START Records provided

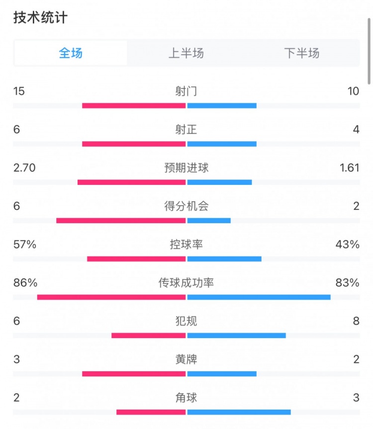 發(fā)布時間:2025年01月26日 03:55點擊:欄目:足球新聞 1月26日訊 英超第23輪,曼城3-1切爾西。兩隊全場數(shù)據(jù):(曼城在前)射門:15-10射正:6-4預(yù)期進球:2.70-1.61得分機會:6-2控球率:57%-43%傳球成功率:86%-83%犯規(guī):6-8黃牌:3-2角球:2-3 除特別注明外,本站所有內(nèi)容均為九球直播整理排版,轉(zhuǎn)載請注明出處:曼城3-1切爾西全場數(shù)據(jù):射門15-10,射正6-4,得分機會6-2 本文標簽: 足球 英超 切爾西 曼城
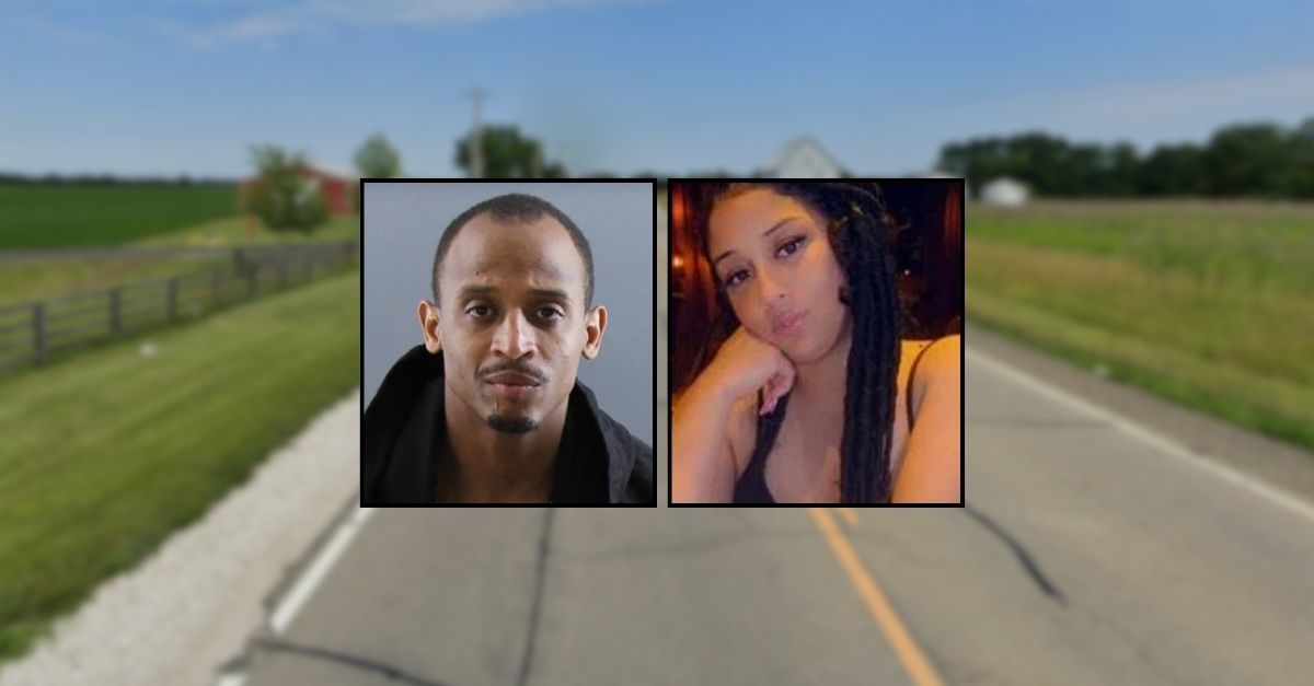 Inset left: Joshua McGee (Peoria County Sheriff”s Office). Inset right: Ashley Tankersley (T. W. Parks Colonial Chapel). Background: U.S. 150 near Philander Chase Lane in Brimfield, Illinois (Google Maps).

END Records provided
START Records provided

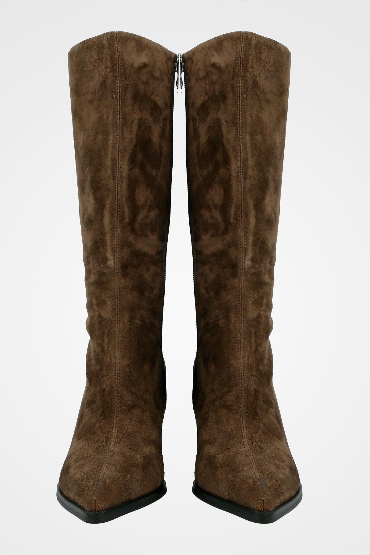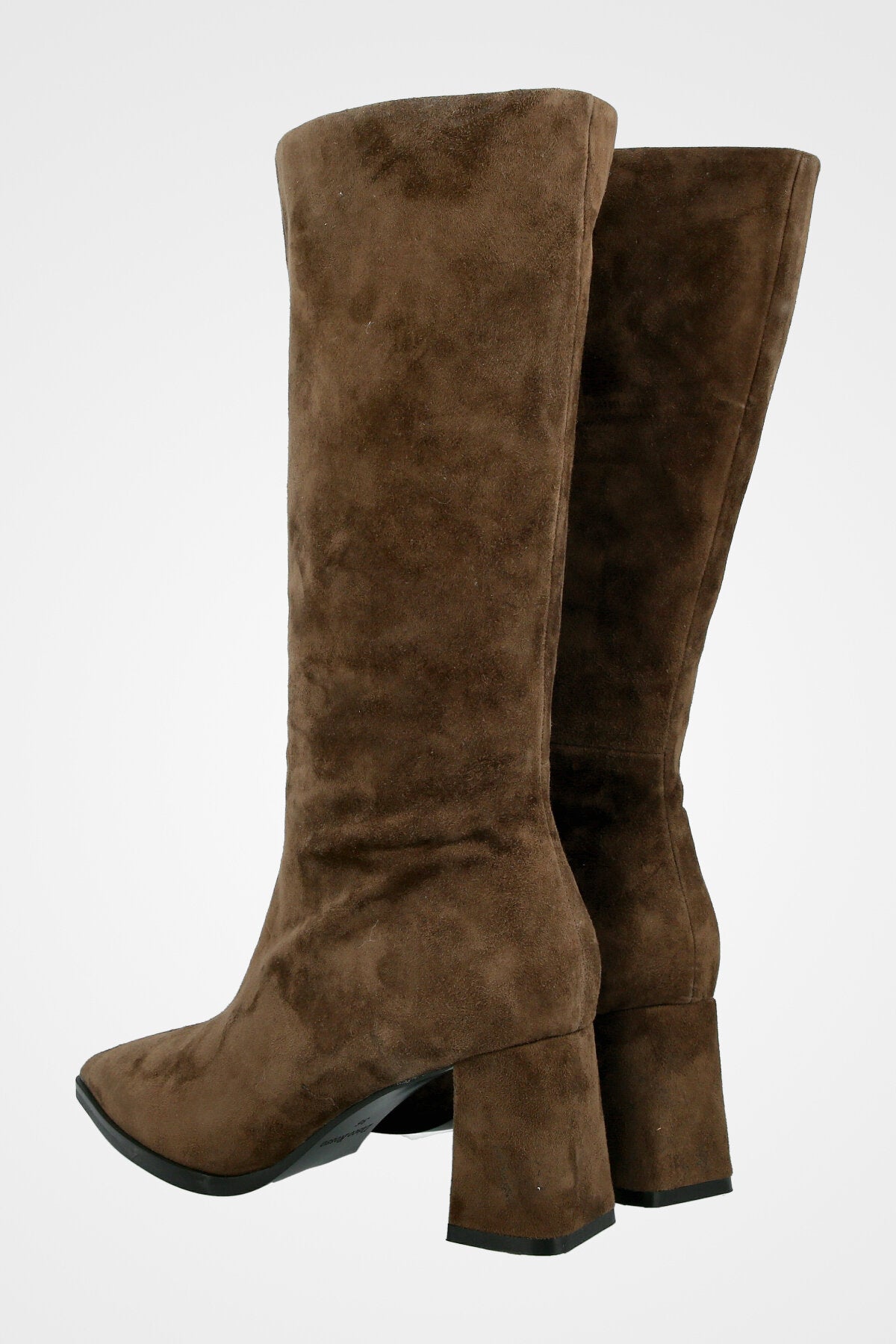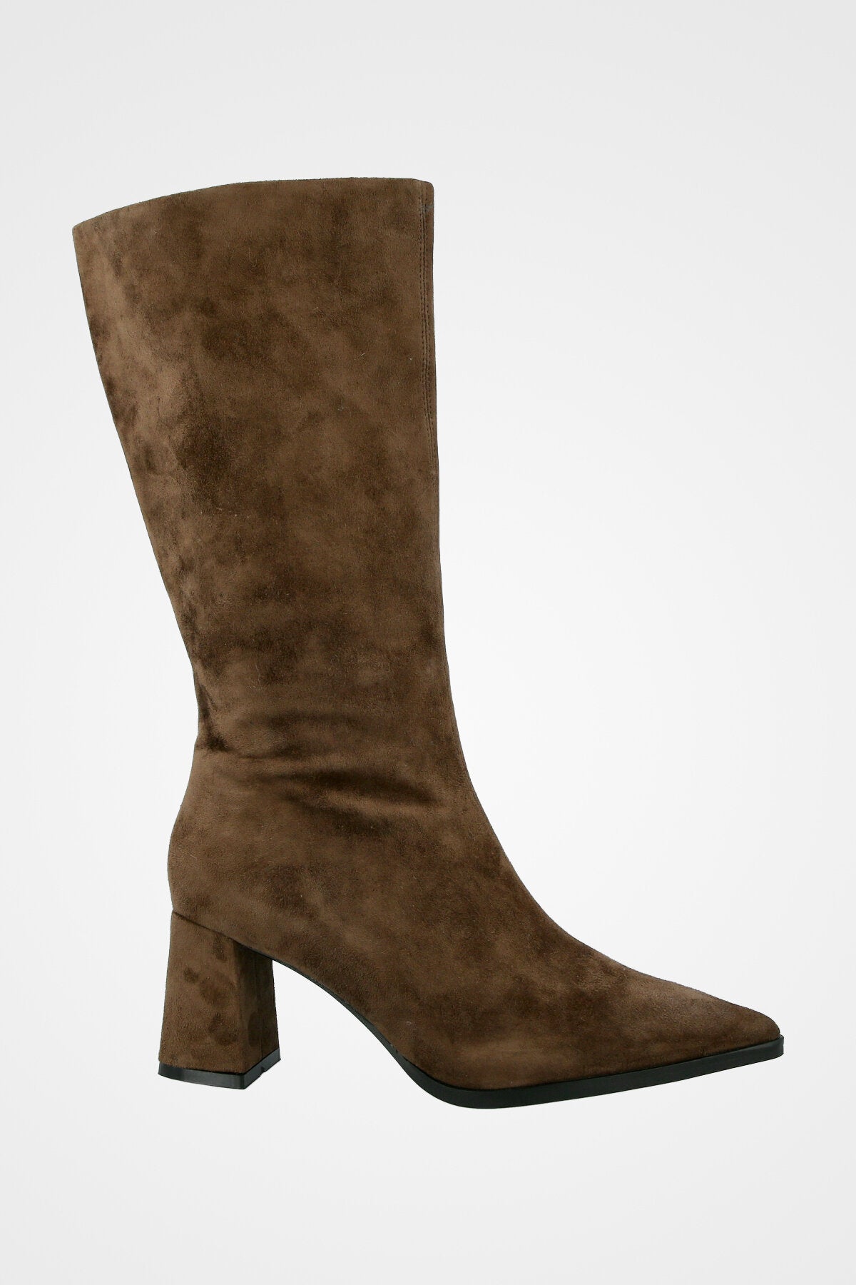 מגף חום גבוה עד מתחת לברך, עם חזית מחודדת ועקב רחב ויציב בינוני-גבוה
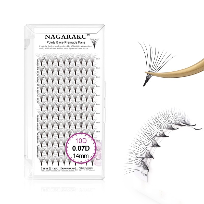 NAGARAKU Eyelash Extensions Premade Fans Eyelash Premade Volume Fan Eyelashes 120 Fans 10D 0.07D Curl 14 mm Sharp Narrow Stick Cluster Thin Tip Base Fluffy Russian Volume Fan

END Records provided
START Records provided

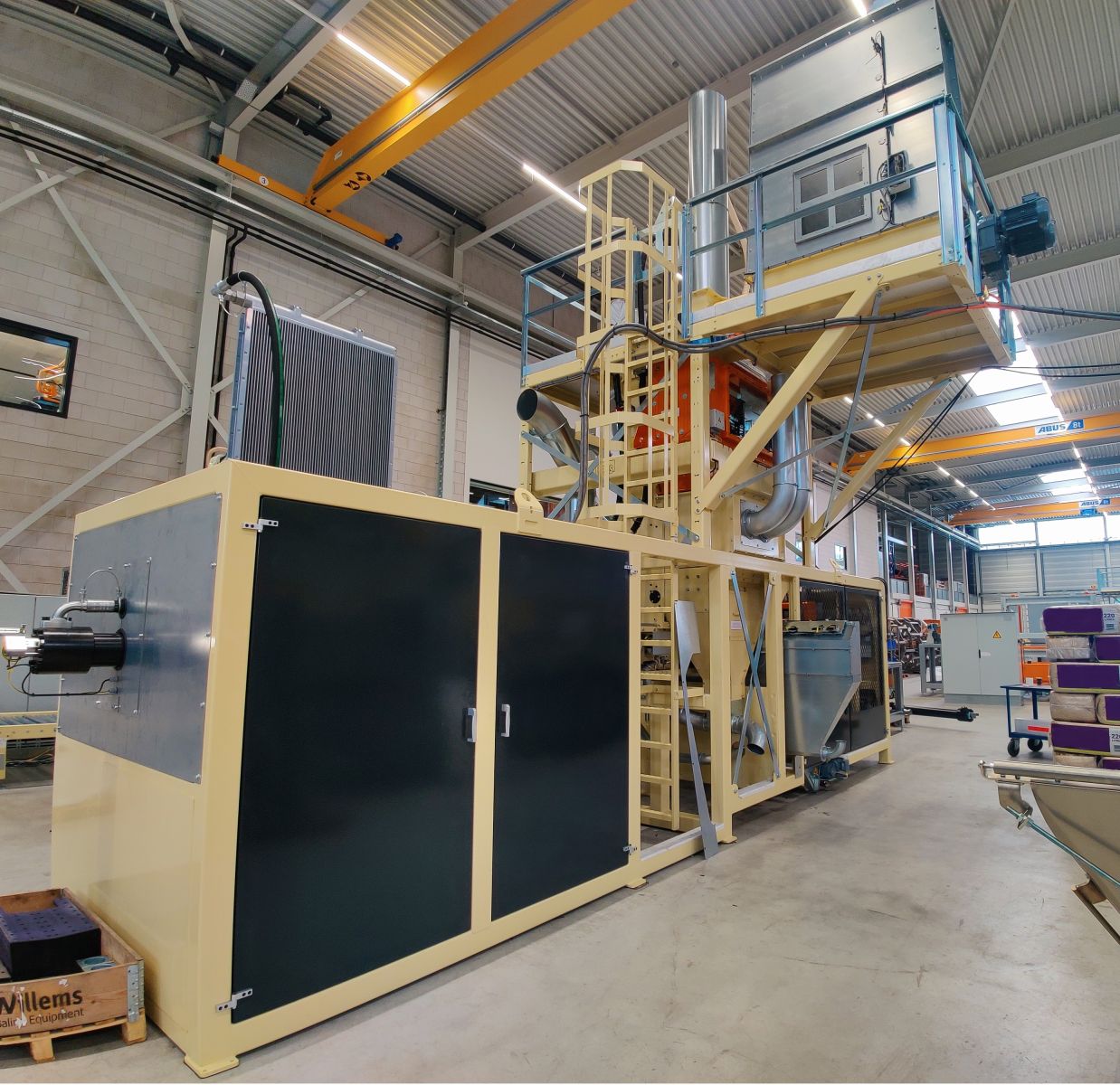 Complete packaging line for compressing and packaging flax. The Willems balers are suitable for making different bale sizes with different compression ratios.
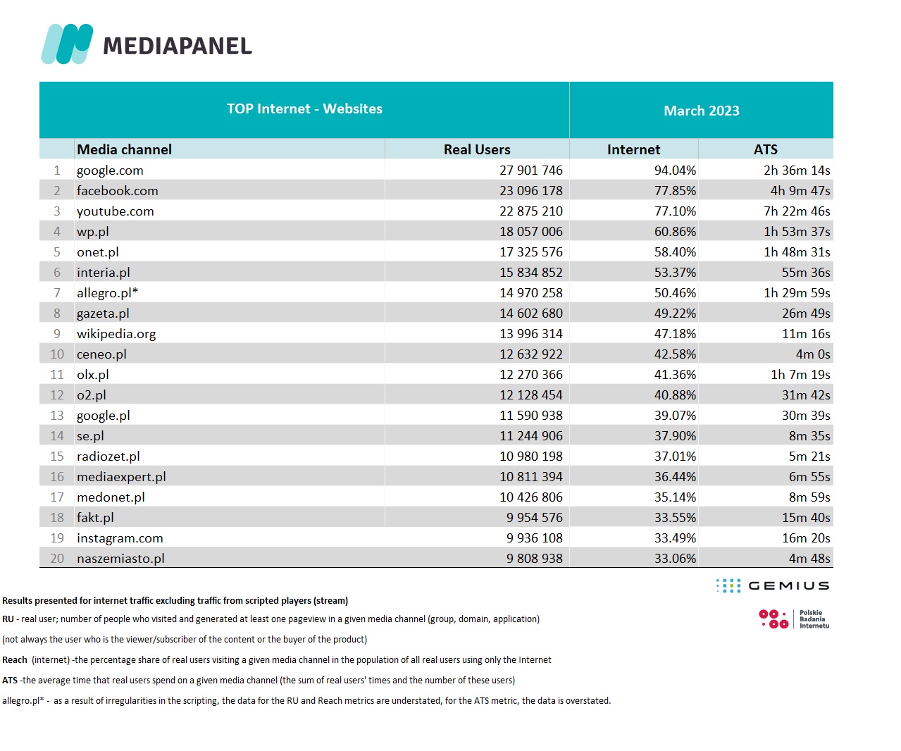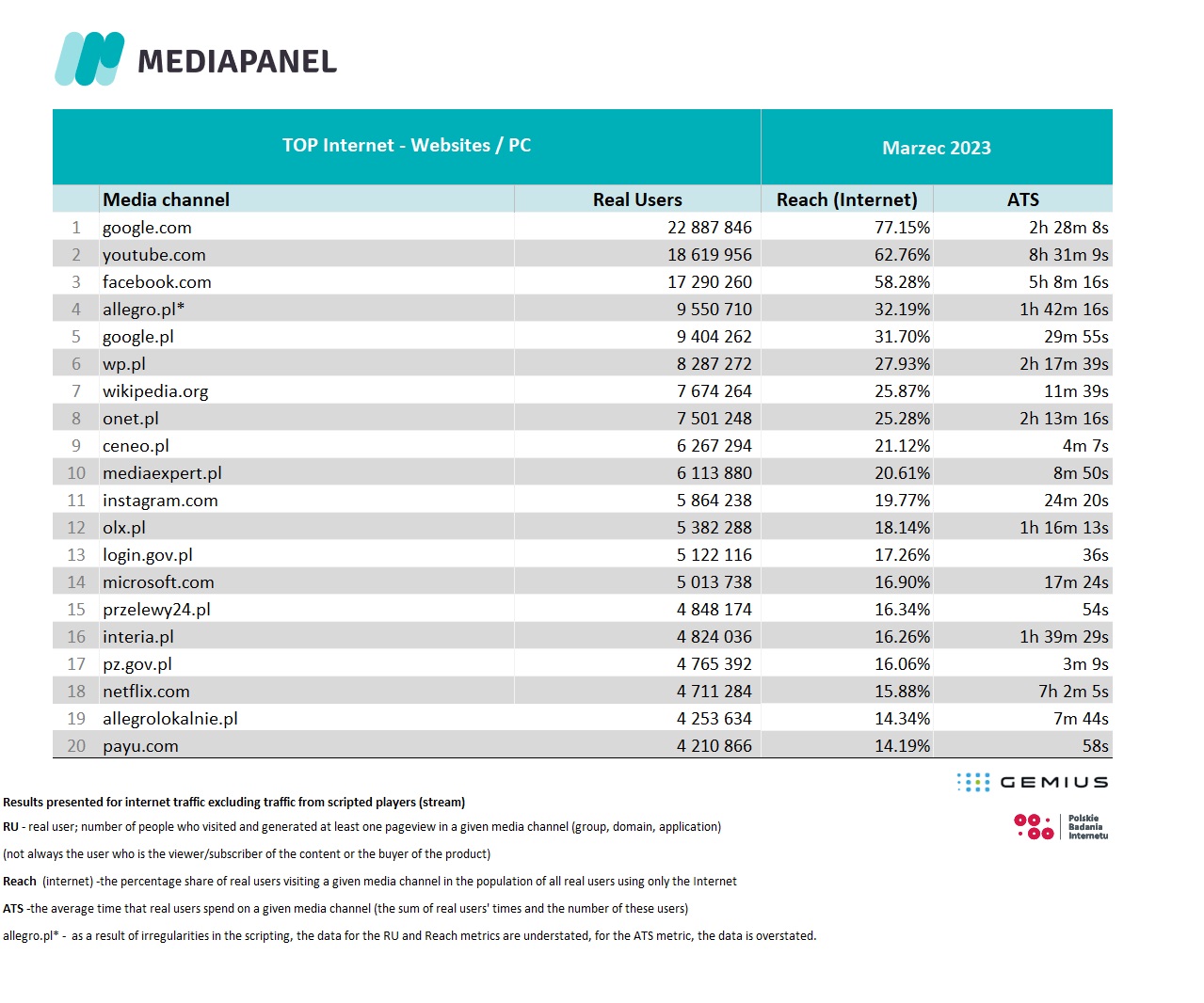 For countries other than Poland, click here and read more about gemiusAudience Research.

END Records provided

▸ Problem requirements:
Reproduce the entries exactly, from the line with "Complete packaging line" to the line with "For countries other", both lines included, keeping no pictures.

▸ Your solution:
 Complete packaging line for compressing and packaging flax. The Willems balers are suitable for making different bale sizes with different compression ratios.
 For countries other than Poland, click here and read more about gemiusAudience Research.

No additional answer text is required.